Dark Chips are stupidly powerful battle chips for Net Navis that grant awesome power in exchange for a loss of -1 permanent HP per use and some other gameplay-related drawbacks. That's fine, but while the series has flirted with some mild supernatural elements at times, Dark Chips just break the willing suspense of disbelief over their knee.

The very first dark chip you get is by sheer accident, when supposedly these things are peddled in the less honorable corners of the internet, which you cannot find a legit seller for at any point in BN4. Battle Network 5 actually did have legit sellers of these chips, and they were hard to find and appropriately rare, and quite illegal.

Second, their magical appearance after your only story-mandated use makes no sense. Battlechips are a finite resource with a physical form in-universe. More can be made based on viral data, but still, they don't just magically appear out of thin air like Dark Chips do in BN4. Battle Network 5 wisely walked back most of the supernatural implications of this because this strains plausibility even for the Battle Network series to its limits and beyond.

Second, even as a metaphor for illegal substances, how does the usage of these things send the Navi and their user to actual Hell (or Murkland, as they call it)? In the game, the worst penalties can be ignored until the very end, and while they make the final boss battle harder since they can't be used there (thus crippling the player severely if they leaned on them for most of the game), it's still not impossible to beat the game, just far harder.

And this has no implications for the next game even if you went all in on Dark Chip abuse in BN4.

Battle Network 5 walked back a lot of this nonsense because even it realized these issues.
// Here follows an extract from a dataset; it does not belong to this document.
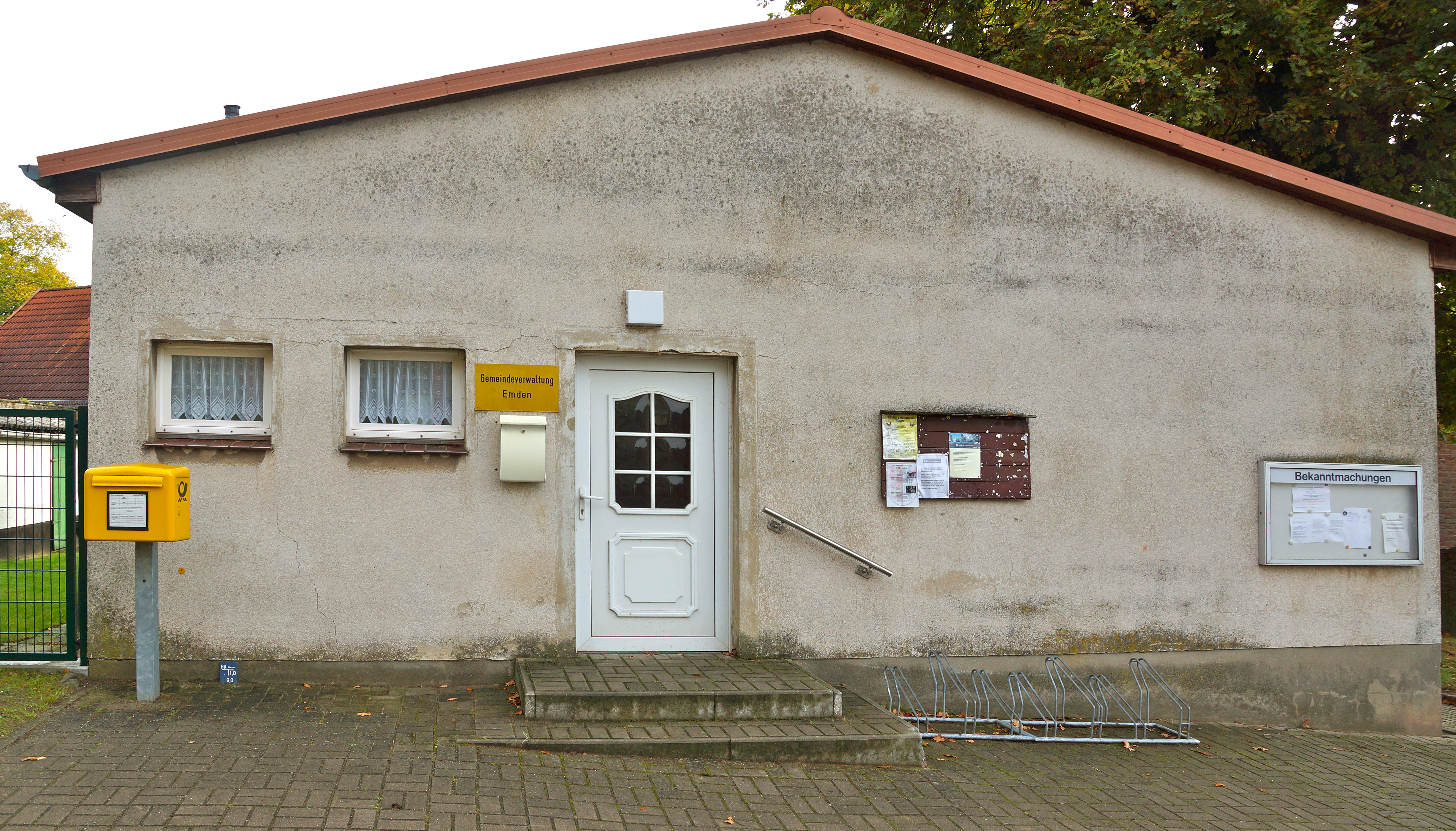 Altenhausen (Emden), Germany: Town hall

We see Dark Chips are clearly produced in factories. They are appropriately rare and illegal to acquire physical items. And the "moral" implications of their use were severely downplayed in BN5 to something that doesn't break prior canon over its knee.


4. Regal Arc


Dr. Regal is an "Original Generation" villain created specifically for the Battle Network series. While not a bad character, Battle Network 5 showed what they could really do with him if given good writing and a much more awesome makeover that included a sweet Beard of Evil, he just has the misfortune of debuting in a game that gives him almost no screentime to actually be a credible villain.

He is first introduced during the eggheads' meeting up at NAXA to figure out how to stop the asteroid. He is from Nation X, a generic military state with a bad reputation whose exact real-world counterpart is left vague on purpose, they just want you to know it's not a nice place. Regal himself does have a sinister monocle but otherwise doesn't look overly evil like Wily did on purpose.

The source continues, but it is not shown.